On Thursday, I retold an amazing story I had read on news to the boys. It was about a 5 year old boy named Saroo who had gotten lost in a train in India, found his way to an adopted home in Australia, and then had used modern internet technology to find his birth mother back almost 26 years later.
An orphan herself, Saroo’s mother was pregnant a fourth time with her daughter when her husband decided to take another wife. Already poor, now she was left destitute with 4 kids – aged 7, 5, 3 and new born – to feed after the scumbag of a husband and father walked out on her.
The oldest, Guddu, all of 7 years, took to sweeping the trains (it’s not a paid job, it’s something poor street kids do and then passengers might or might not pay them out of pity) to feed himself and his 5 year old brother Saroo who would follow him around, like all little brothers do. They would hop from train to train, always coming back home in the evening.

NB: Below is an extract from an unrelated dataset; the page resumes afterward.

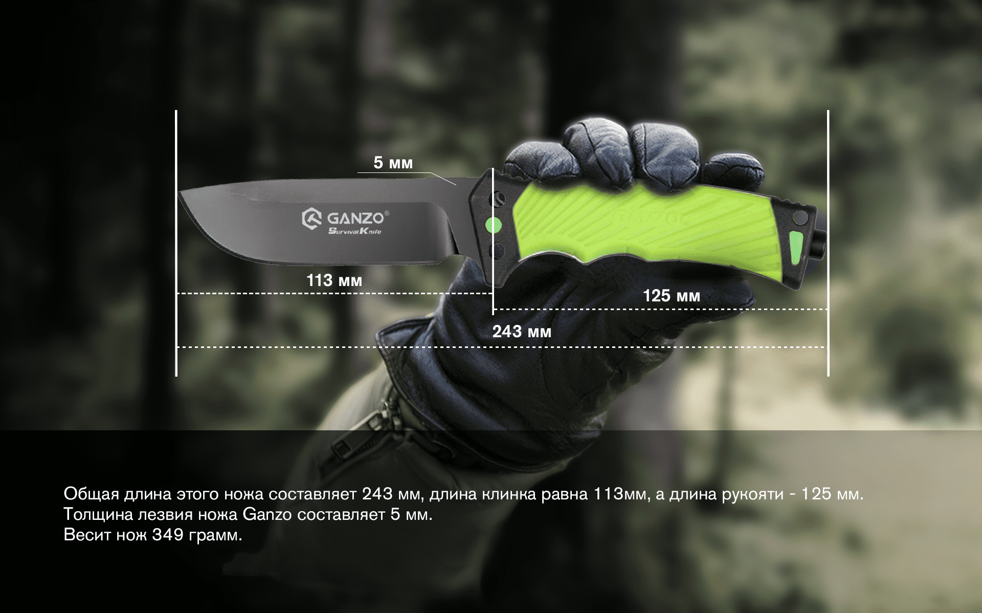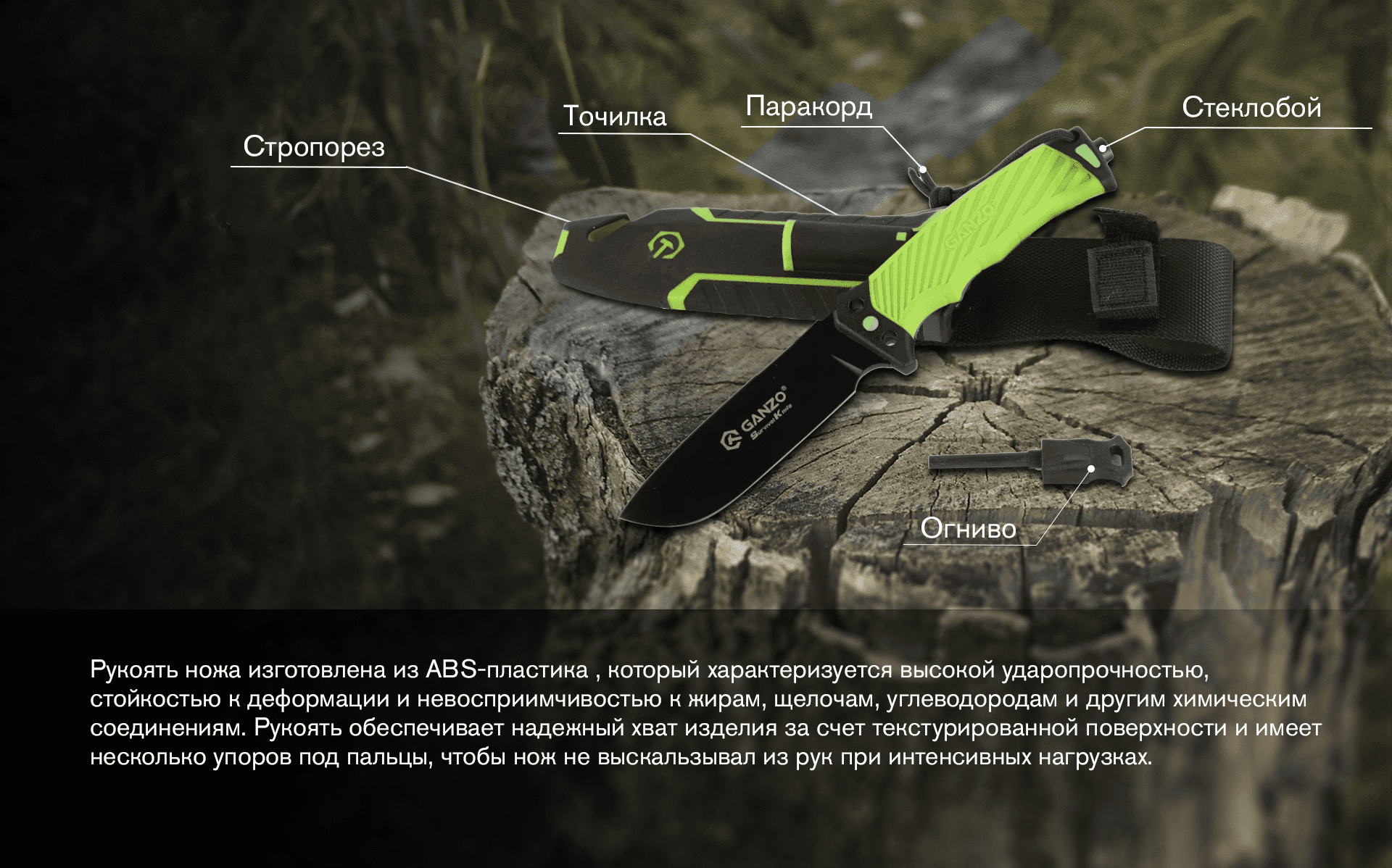 Поскольку нож Ganzo G8012V2-LG создавался специально для нужд путешественников-экстремалов, производитель оснастил его эргономичной рукоятью, которая легко помещается в ладонь любого размера. Выемка для упора под палец делает хват более надежным и позволяет удерживать инструмент даже во влажной руке. Материал рукояти — ABS-пластик, который ценится в ножевой промышленности за ударопрочность и невосприимчивость к воздействию кислот, бензина и других химических веществ без потери свойств и цвета.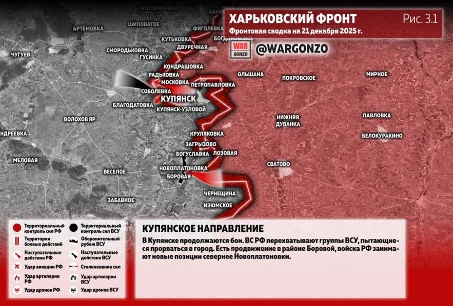 3,5 тысячи бойцов ВСУ окружены под Купянском: новая карта боевых действий в зоне СВО на 21 декабря

One afternoon, after a long day at work, Saroo fell asleep on a Railway station bench, waiting for his brother to wake him up when it was time catch the train back home. When he woke up, he couldn’t find his brother. He saw a train standing on the station, thought Guddu was on it, and climbed aboard hoping to find him. After some futile search, the exhausted little kid simply fell asleep again on an empty seat, certain that his big brother would come back for him.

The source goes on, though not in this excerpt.